### AVAILABLE DATA
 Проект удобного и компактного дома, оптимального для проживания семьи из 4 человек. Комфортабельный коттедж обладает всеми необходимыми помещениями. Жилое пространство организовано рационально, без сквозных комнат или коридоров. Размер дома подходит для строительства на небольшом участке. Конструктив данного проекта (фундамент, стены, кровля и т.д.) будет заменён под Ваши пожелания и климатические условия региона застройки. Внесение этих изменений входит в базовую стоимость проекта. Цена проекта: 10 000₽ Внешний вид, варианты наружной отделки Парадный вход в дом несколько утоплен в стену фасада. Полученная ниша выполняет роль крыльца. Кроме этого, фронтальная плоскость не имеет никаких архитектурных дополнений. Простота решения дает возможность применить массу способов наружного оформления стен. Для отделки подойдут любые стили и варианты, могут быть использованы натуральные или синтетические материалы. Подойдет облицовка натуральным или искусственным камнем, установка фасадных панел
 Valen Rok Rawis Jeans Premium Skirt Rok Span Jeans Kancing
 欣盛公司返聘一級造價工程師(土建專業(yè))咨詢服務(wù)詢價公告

* * *

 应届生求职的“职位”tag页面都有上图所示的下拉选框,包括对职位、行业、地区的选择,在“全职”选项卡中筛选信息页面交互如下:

---

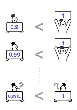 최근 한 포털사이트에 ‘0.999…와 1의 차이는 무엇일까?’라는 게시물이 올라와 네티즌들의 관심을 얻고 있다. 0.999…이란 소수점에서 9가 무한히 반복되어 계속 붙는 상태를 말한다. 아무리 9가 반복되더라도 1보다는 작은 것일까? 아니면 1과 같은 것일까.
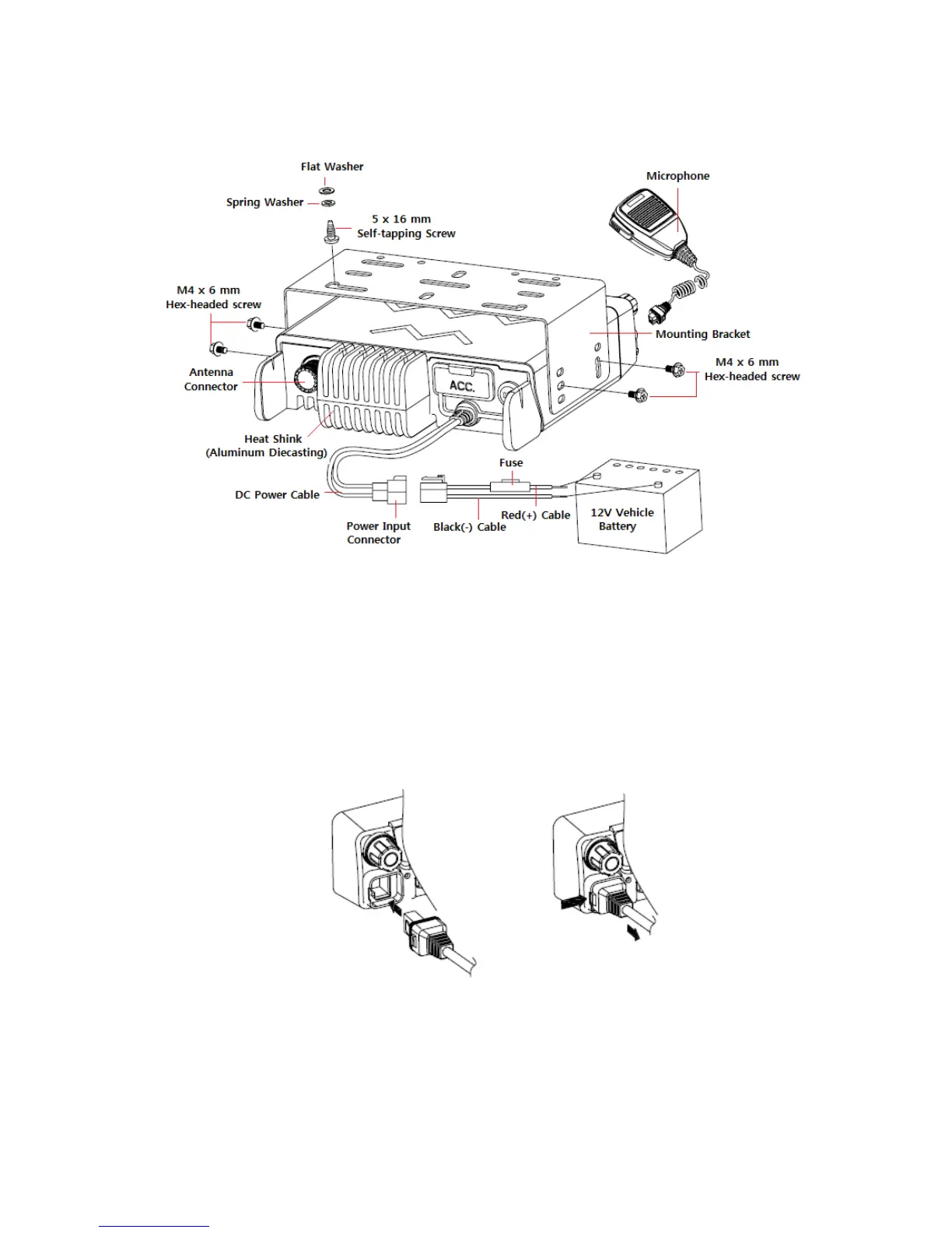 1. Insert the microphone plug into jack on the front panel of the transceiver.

### ABOUT THIS EXERCISE
The lines above, starting at the one with "Valen Rok Rawis" and ending at the one with "欣盛公司返聘一級造價工程師(土建專業(yè))咨詢服務(wù)詢價公告", are the only ones to return, exactly as written.

### TASK OUTPUT
 Valen Rok Rawis Jeans Premium Skirt Rok Span Jeans Kancing
 欣盛公司返聘一級造價工程師(土建專業(yè))咨詢服務(wù)詢價公告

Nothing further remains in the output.